* **WHAT TO DO**:
Copy, without a single change, each line from the one that holds "SAN ROQUE ABOGADO..." to the bottom of the entries below, and drop any pictures.

[[ WORKING DATA open ]]

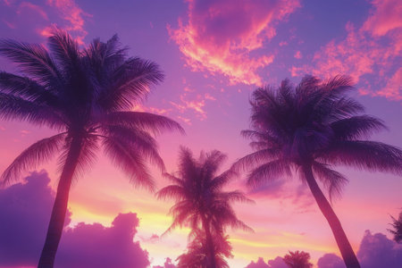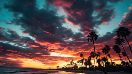 At dusk, tall palm trees create a striking silhouette against a vibrant sky filled with clouds, showingcasing shades of orange and purple near the ocean. The scene exudes tranquility and beauty.
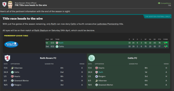 In 2035, Raith Rovers had reached a European final and qualified for Europe for the first time in 30 years. Could they build on that? You bet they could, as Robí di Lathamé's team of heroes won the club's first European trophy, won the League Cup and qualified for the Champions League for the first time in its history.
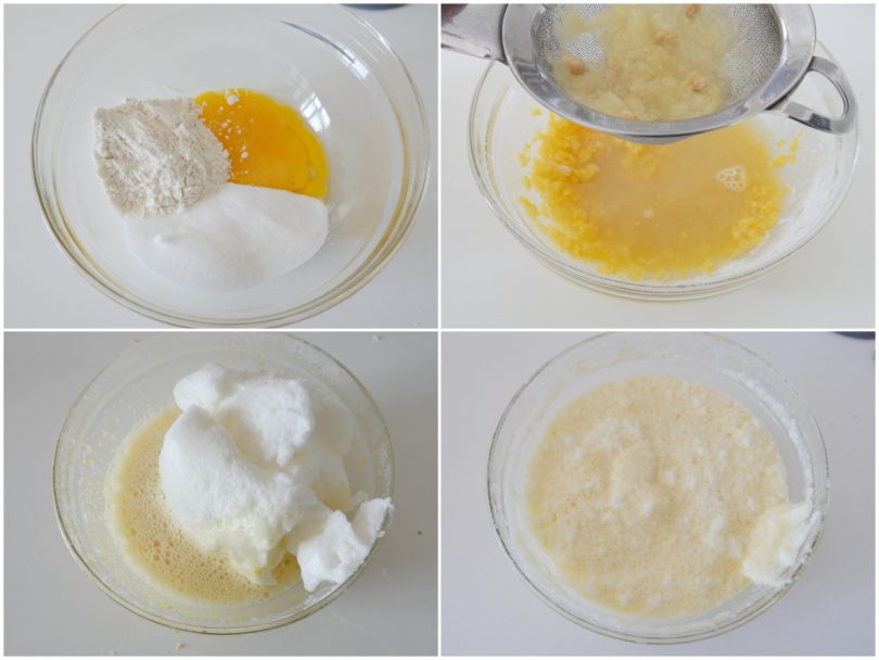 A parte, lavorate i tuorli con zucchero e farina, quindi aggiungete il succo di limone filtrato.
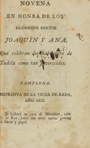 .1822.. LIBRO: .(RELIGIÓN).. .NOVENA EN HONRA DE LOS GLORIOSOS SANTOS JOAQUIN Y ANA QUE CELEBRAN LOS HABITANTES DE TUDELA COMO TAN FAVORECIDOS.. Pamplona: Imp. Viuda de Rada, 1822. 8º menor. 30 p. [Sigue:] .NOVENA AL ESPAÑOL SAN ROQUE ABOGADO...
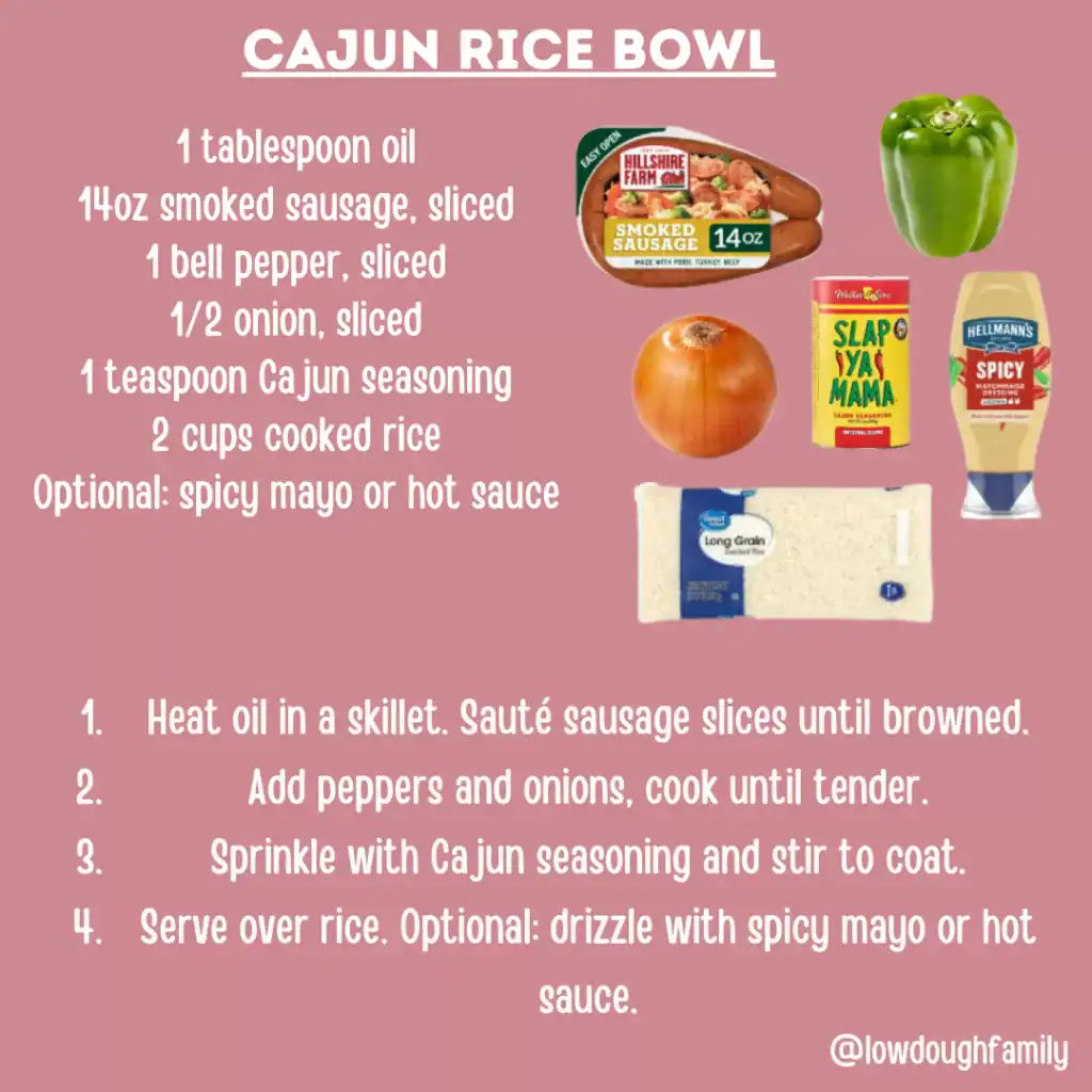 Smoked sausage, peppers, and onions get a flavor boost from Cajun seasoning, making this bowl spicy, savory, and satisfying. You can dial up the heat with hot sauce or tone it down with a drizzle of ranch. Try frozen peppers and onions to save time too!

[[ WORKING DATA closed ]]

* **RESULT**:
 .1822.. LIBRO: .(RELIGIÓN).. .NOVENA EN HONRA DE LOS GLORIOSOS SANTOS JOAQUIN Y ANA QUE CELEBRAN LOS HABITANTES DE TUDELA COMO TAN FAVORECIDOS.. Pamplona: Imp. Viuda de Rada, 1822. 8º menor. 30 p. [Sigue:] .NOVENA AL ESPAÑOL SAN ROQUE ABOGADO...
 Smoked sausage, peppers, and onions get a flavor boost from Cajun seasoning, making this bowl spicy, savory, and satisfying. You can dial up the heat with hot sauce or tone it down with a drizzle of ranch. Try frozen peppers and onions to save time too!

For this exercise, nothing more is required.